▸ **Work item**
Repeat the listing verbatim. Drop any pictures.

▸ **Provided material**
##############################
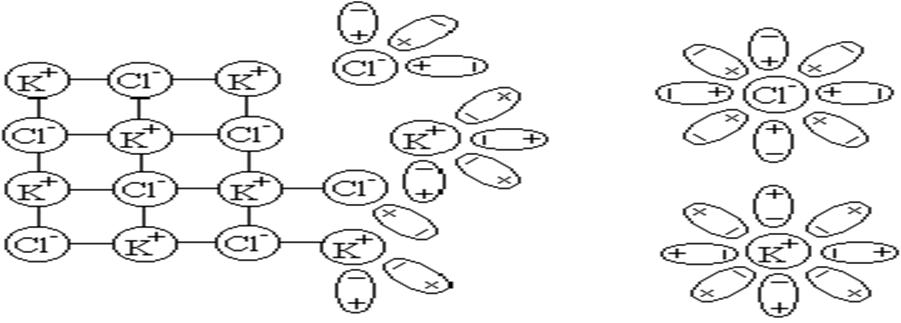 Рисунок 2 Схема растворения и диссоциации хлорида калия
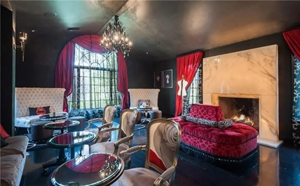 در مرکز فضای پذیرایی، یک شومینه قرار دارد که همراه با مبل لمسه دوزی شده قرمز رنگ، فضایی کلاسیک و لوکس را به وجود آورده است. رنگ قرمز پردهها، گرما و انرژی را به محیط افزوده و در میان رنگهای خنثی و تیره، جلوهای خاص دارد. چیدمان منحصربفردی از مبلمان لمسه دوزی شده و چند مبل تکی نئوکلاسیک در کنار میزهای جلومبلی آینهای به چشم میخورد، که ترکیبی متفاوت و جذاب را رقم زده است.
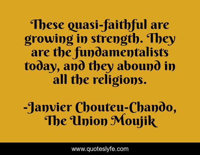 This page presents the quote "These quasi-faithful are growing in strength. They are the fundamentalists today, and they abound in all the religions.". Author of this quote is Janvier Chouteu-Chando, The Union Moujik. This quote is about faith, religion, fundamentalism, inspirational, terror, enthusiasm, terrorism,.
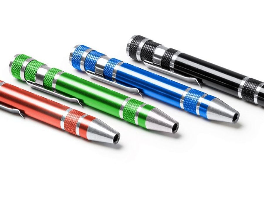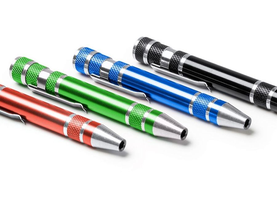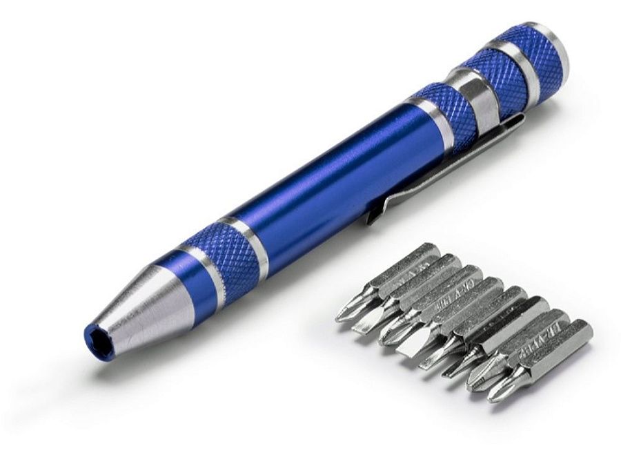 Алюминиевый мультитул в форме ручки. В комплекте 8 головок бит
##############################
▸ **Result below**
 Рисунок 2 Схема растворения и диссоциации хлорида калия
 در مرکز فضای پذیرایی، یک شومینه قرار دارد که همراه با مبل لمسه دوزی شده قرمز رنگ، فضایی کلاسیک و لوکس را به وجود آورده است. رنگ قرمز پردهها، گرما و انرژی را به محیط افزوده و در میان رنگهای خنثی و تیره، جلوهای خاص دارد. چیدمان منحصربفردی از مبلمان لمسه دوزی شده و چند مبل تکی نئوکلاسیک در کنار میزهای جلومبلی آینهای به چشم میخورد، که ترکیبی متفاوت و جذاب را رقم زده است.
 This page presents the quote "These quasi-faithful are growing in strength. They are the fundamentalists today, and they abound in all the religions.". Author of this quote is Janvier Chouteu-Chando, The Union Moujik. This quote is about faith, religion, fundamentalism, inspirational, terror, enthusiasm, terrorism,.
 Алюминиевый мультитул в форме ручки. В комплекте 8 головок бит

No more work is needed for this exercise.